# two year old female



## ristakrat

This is Lacy. Her parents were German imports. She is two years old and probably 70lbs pounds. She is the fastest shepherd I have ever seen and is a fantastic herder. She is gentle enough to herd our dwarf goats and bold enough to help round up our boars. She is also a great protection dog but only when asked... she prefers making friends instead.


----------



## lorihd

beautiful girl! love that 1st picture, she looks so natural


----------



## CeCe

Great looking girl! Her confirmation is very, very good. Nice classic coloring. Beautiful, soulful dark eyes.


----------



## carmspack

thank you for showing your Lacy. 
Good GSD , no matter who owns them, no matter where they come from , need to be exposed and celebrated.
This is a nicely structured , firm bodied specimen.

Carmen
CARMSPACK.com


----------



## ristakrat

Thank you very much  I am awfully proud of her. She is certainly special <3


----------



## robk

Your dog is very beautiful. Her build looks very powerful. She sounds like a wonderful example of the breed. Thank you for sharing her!


----------



## Shade

Gorgeous dog :wub: She's really stunning


----------



## ksotto333

I love hearing of German Shepherds that actually herd..she's beautiful..


----------



## carmspack

she reminds me of Mutz Pelztierfarm and some of the females that he produced .
The first dog is Mutz , the second is "Lacy"
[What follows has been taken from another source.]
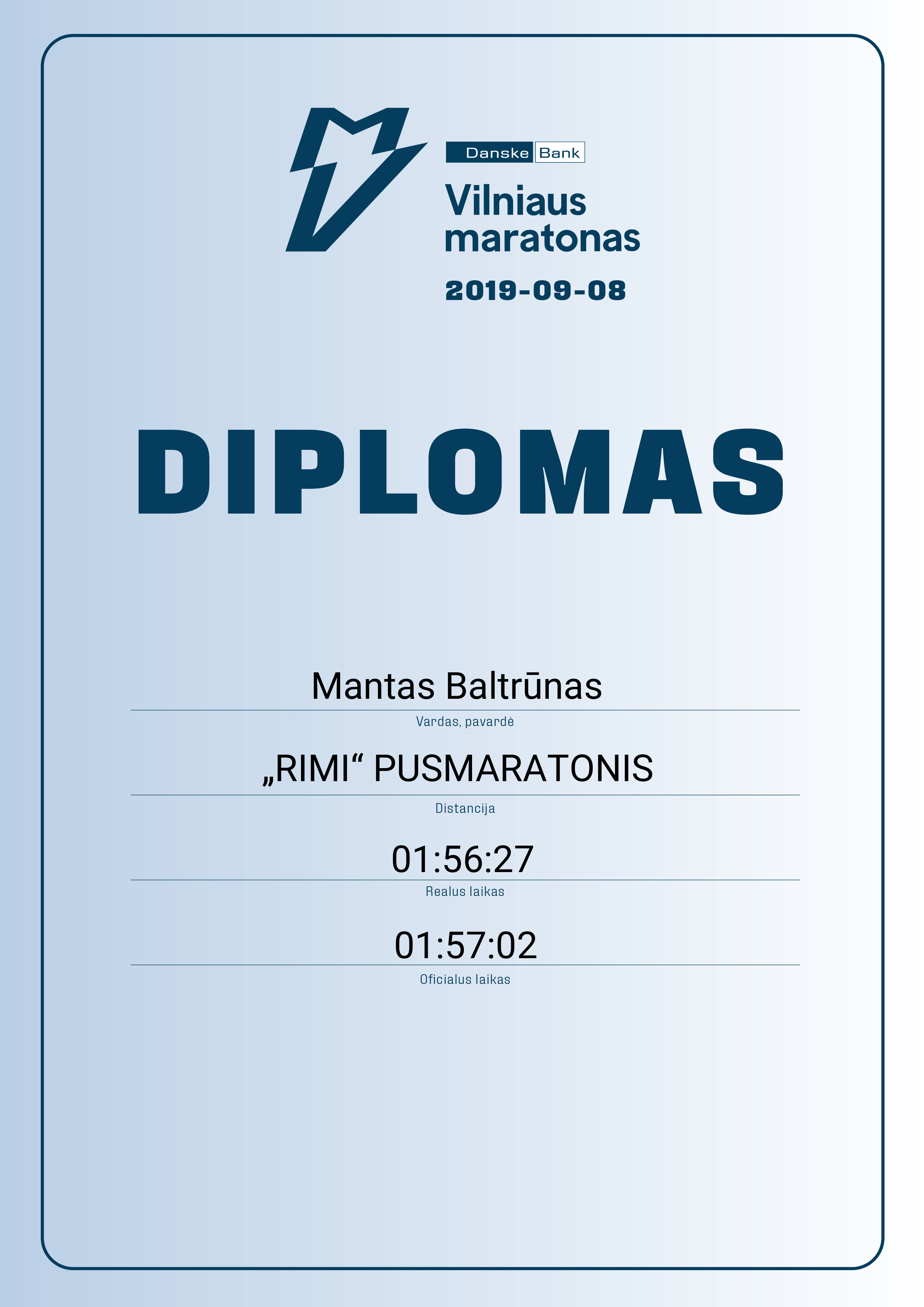 | 1018 | Justas Matijoška | 11209 | Lithuania | „RIMI“ PUSMARATONIS | 01:59:17 | Diplomas | |

what is your dogs pedigree please.

Carmen
CARMSPACK.com


----------



## GatorDog

She is really beautiful.


----------



## ristakrat

Unfortunately I have very limited information on her pedigree. I purchased her from a husband/wife that acquired her parents while stationed in Germany with the Airforce. 
I thought this was the most colorful tale I had ever heard from a breeder but decided to check her out anyway. To my surprise the wife was clearly German and they had pictures of the parents (much younger and leaner) with them in Germany. 
I really wish they had had more information on her lineage. I am happy to hear she is of good structure. With such limited information its hard to know what you'll get.
Mutz is very handsome. Lacy definitely favors him. 
I'm going to try to contact Lacy's breeder. Maybe they at least remember who they got _their_ dogs from.


----------



## lhczth

Very balanced female with OK withers, good topline, good placement of a croup that should be slightly longer. Very good angulation front and rear. Her upper arm should be longer, but with its placement she should have good reach since she will still be able to open up at the elbow. Very nice expression and excellent secondary sex characteristics. I like her.


----------



## Ibrahim

A very beautiful black/tan GSD female type of notable strong substance, above medium size and strength, correct proportions, notable correct balance, Good head size, notable correct head planes, correct ear carriage, light mask, beautiful strong neck of good length, correct height and length of withers, nice straight topline, strong back of correct length, nice croup lay but slightly short and tailset slightly high, good tail length, beautiful underline and beautiful chest depth, good front chest development, very good front angulations, front upper arm slightly short and slightly steep, good shoulder blade lay. Nice thigh and hocks, could use little more stifle turn. Allover a very beautiful girl of extra good substance. If you decide to breed her look for a stud with a dark mask, good rear angulation, correct tailset and long croup. Good luck

Ibrahim


----------